In the last few days, Singapore , New Zealand and Australia have all taken decisive steps towards national fibre to the home (FTTH) networks, albeit from very different starting positions.
Singapore and New Zealand press ahead
On 31 March 2009, the New Zealand government called for submissions on a proposal to build an FTTH network in New Zealand reaching 75% of the population (the top 25 cities) and taking at least six years to roll out.
The New Zealand government will invest up to NZ$1.5 billion in the network, and seek additional private sector investment to create a national market in dark fibre and wholesale broadband access. The funding will be invested in a government-owned enterprise, which will jointly invest with the private sector in local fibre companies (LFCs) in the 25 cities.
Last Friday Singapore announced a StarHub-led consortium as the winner of its OpCo tender for the national FTTH switching infrastructure. This was the culmination of a tender process launched by the Singapore government back in 2006. The passive fibre infrastructure will be built by a SingTel-led consortium. Completion is expected by 2013.
Australia changes direction
Instead of announcing a winner of its FTTN tender today, the Australian government instead announced a significant policy change. It rejected all of the bids, and announced that it would instead pursue a wholesale-only FTTH network over a significantly longer 7-8 year timeframe.

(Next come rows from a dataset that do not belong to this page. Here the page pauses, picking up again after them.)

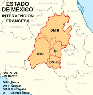 Al inicio de la Intervención Francesa, el 3 de agosto de 1862, estando en retirada en la ciudad de Toluca, el presidente Juárez crea tres distritos militares en el Estado de México con la anuencia del gobernador Francisco Ortiz Zárate.[6]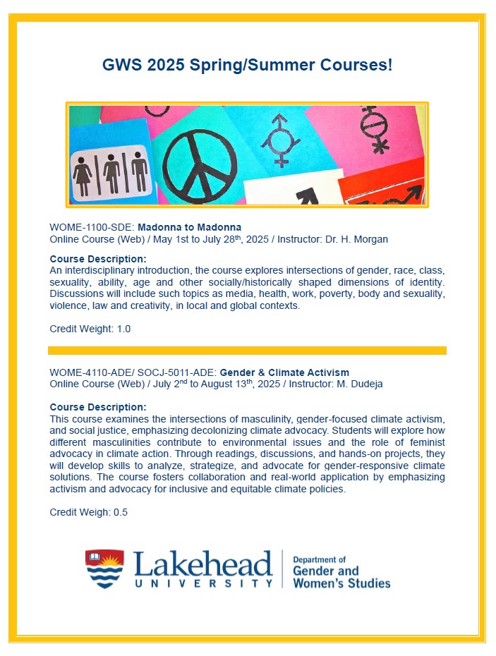 WOME-1100-SDE: Madonna to Madonna Online Course (Web) / May 1st to July 28th, 2025 / Instructor: Dr. H. Morgan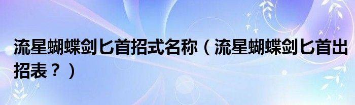 大家好,小安来为大家解答以上问题。流星蝴蝶剑匕首招式名称,流星蝴蝶剑匕首出招表?很多人还不知道,现在让我们一起来看看吧!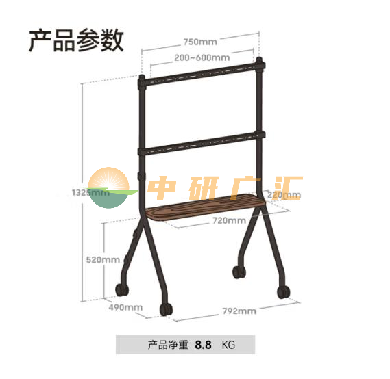 Brateck北弧(43-75') 电视推车 艺术电视支架 落地电视架 65电视挂架 70移动壁挂架小米索尼海信FS350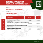 A Tsiroanomandidy, la liste indépendante de Harson Raholijaona sur laquelle figure l’ancien ministre de l’Agriculture et de l’élevage Lucien Ranarivelo, devrait aussi faire du “pao-droa” en gagnant la course avec 53,38%, devant la plateforme Firaisankina qui a obtenu 15,85%. La liste indépendante conduite par Raby Savatsarah Ain’Harimanga, secrétaire générale démissionnaire du ministère de la Justice, pourrait aussi remporter les deux sièges à pourvoir à Farafangana avec ses 49,90%. La liste de plateforme Irmar dirigée par Velomihoatra Andrianambenana, qui arrive deuxième, pour sa part, a obtenu 23,48% des suffrages.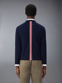 DETAILS & FIT A timeless silhouette in classic grey, emblazoned with a signature Thom Browne emblem at the back. V-neckline Front button closure with signature striped grosgrain placket Front slip pockets Signature striped grosgrain trim at back Signature striped grosgrain loop tab Model is 6' 1" (185cm), wearing size 1 100% Virgin Wool Made in Italy MKA518A-Y1029-415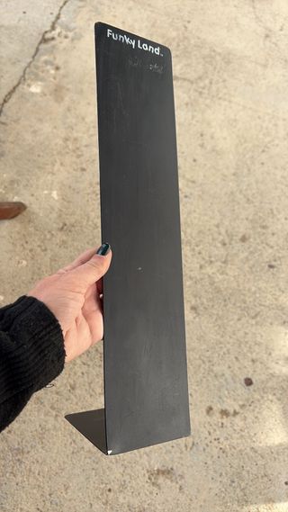 Pizarra de sobremesa con un diseño moderno y elegante. Perfecta para notas o mensajes. - Soporte integrado para estabilidad. - Superficie lisa para escribir. - Medidas Alto 40 cm Ancho 9 cm Soporte base 10 cm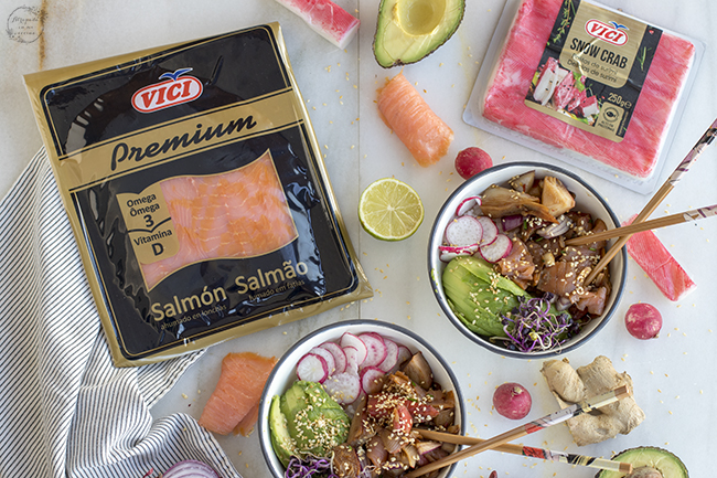 El poke bowl es una de las tendencia gastronómicas en auge, se trata de un plato de origen hawaiano, consistente en una ensalada de arroz con pescado crudo y vegetales. Yo he hecho un poco de "trampa" en esta ocasión y he sustituido el pescado crudo por salmón ahumado y palitos de mar (Snow Crab) de VIČI, sabiendo que hay mucha gente que no se atreve con el pescado crudo. El resultado ha sido fantástico, y se convierte en una opción muy sana después de las fiestas navideñas. Sin duda es una de esas recetas que son tan versátiles que ofrece tanta variedad como ingredientes le pongamos.

The government will commit its promised $4.7 billion investment, and will seek additional private investment directly and through the issue of infrastructure bonds.

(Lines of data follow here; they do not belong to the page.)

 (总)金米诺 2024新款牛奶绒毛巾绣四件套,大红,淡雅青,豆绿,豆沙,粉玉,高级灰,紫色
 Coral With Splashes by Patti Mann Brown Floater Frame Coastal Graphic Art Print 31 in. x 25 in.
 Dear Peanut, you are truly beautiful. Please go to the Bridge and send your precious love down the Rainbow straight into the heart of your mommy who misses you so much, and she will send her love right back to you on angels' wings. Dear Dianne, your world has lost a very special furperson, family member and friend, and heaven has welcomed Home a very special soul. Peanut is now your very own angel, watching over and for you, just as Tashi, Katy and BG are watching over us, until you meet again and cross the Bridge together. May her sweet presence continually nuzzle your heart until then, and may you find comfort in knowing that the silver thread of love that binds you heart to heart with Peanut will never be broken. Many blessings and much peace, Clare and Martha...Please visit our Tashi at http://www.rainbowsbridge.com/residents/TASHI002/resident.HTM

In our view, abandoning the FTTN proposal is realistic. First, the global financial crisis made the original 4-5 year timeframe problematic. Second, it had become clear that achieving sub-loop access to Telstra\'s copper network would be a legal quagmire.

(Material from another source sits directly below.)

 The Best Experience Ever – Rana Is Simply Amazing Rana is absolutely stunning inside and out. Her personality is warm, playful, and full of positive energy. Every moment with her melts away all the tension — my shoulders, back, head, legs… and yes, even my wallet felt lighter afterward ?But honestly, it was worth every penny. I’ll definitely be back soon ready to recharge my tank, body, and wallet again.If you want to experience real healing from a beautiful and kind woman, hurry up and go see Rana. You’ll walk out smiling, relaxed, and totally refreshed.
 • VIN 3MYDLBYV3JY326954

The new 7-8-year timeframe will give the project more financial and commercial flexibility to manage risk. In addition, the choice of FTTH technology will bypass the copper network.
The government also announced a comprehensive review of telecommunications regulation. Of course, access to copper remains important, but access to ducts will be even more important as FTTH rolls out. The review therefore canvasses further functional separation of Telstra, which could include its passive infrastructure. The industry has generally welcomed the open regulatory reform process that the government is now launching.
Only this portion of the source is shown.